Deze tumor kan worden geassocieerd met neurofibromatose. Complicaties zoals visie, gezichtsveld, reuk- of gehoorbeschadiging en ledemaatdyskinesie kunnen optreden, dus het is noodzakelijk om te onderscheiden van intracraniële infecties en intracraniële ruimte-besmettelijke ziekten. In ernstige gevallen kan verlies van het gezichtsvermogen optreden, dat verband houdt met de primaire plaats van de tumor. De meeste symptomen van het optische kanaal verschijnen vroeg en ernstig. Zodra de ziekte is gediagnosticeerd, moet deze actief worden behandeld.

Symptoom

Primaire centraal zenuwstelsel lymfoom symptomen Vaak voorkomende symptomen Zintuiglijke stoornissen, vermoeidheid, slaperigheid, vergeetachtigheid, immunodeficiëntie, auditieve hallucinaties, verhoogde intracraniale druk

De klinische manifestaties van primair centraal zenuwstelsel lymfoom zijn zeer inconsistent, voornamelijk gerelateerd aan de plaats en omvang van de tumorgroei.De meeste patiënten hebben symptomen en tekenen van intracerebrale laesies, omdat 50% van de PCNSL-laesies zich in de frontale kwab bevinden en erbij betrokken zijn. Multi-leaf, patiënten met meerdere persoonlijkheidsveranderingen, hoofdpijn, vermoeidheid, lethargie, epileptische aanvallen dan glioom, meningioom en intracerebrale metastasen, de incidentie hiervan kan zijn bij de diagnose van PCNSL, de laesies zijn minder betrokken en hebben de neiging om op te treden Naast het cerebrale cortexgebied van epilepsie, kunnen sommige patiënten zich manifesteren als hallucinaties, hallucinaties, auditieve hallucinaties en andere mentale symptomen, ook worden uitgedrukt als vergeetachtigheid, mentale achteruitgang, de duur van symptomen gedurende weken tot maanden, wat verband houdt met PCNSL Slechte prognose.

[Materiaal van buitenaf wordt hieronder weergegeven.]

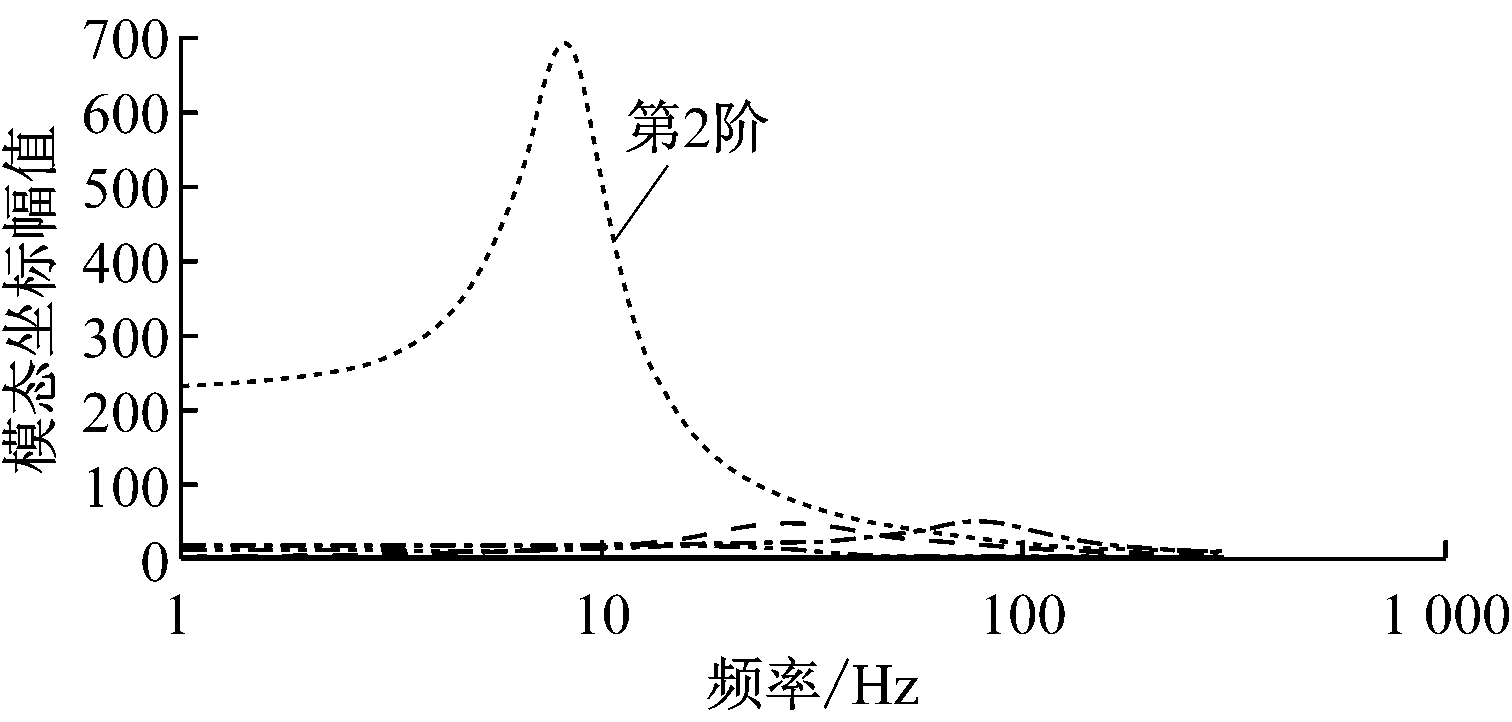 截割滚筒截割过程中受到低频激励。通过分析前6阶的模态坐标可得,第2阶模态所占比例最大,如图3所示。该阶模态振型表现为截割臂和滚筒上下摆动,与实际过程中受载情况一致。

De klinische manifestaties van patiënten met immunodeficiëntie verschillen van die met een normale immuunfunctie, bijvoorbeeld AIDS-patiënten hebben meer mentale en intellectuele veranderingen, meerdere systemische defecten en andere ziekten zoals virale encefalitis en toxoplasmose. Seksuele multilobulaire witte stof enzovoort.

Momenteel wordt aangenomen dat bij veel gediagnosticeerde PCNSL-patiënten PCNSL zich heeft verspreid in het centrale zenuwstelsel en bij ongeveer 25% van de patiënten met een normale immuunfunctie en bij 50% van de immunodeficiënte patiënten de diagnose primair centraal lymfoom is gesteld. Meerbladige infiltratie.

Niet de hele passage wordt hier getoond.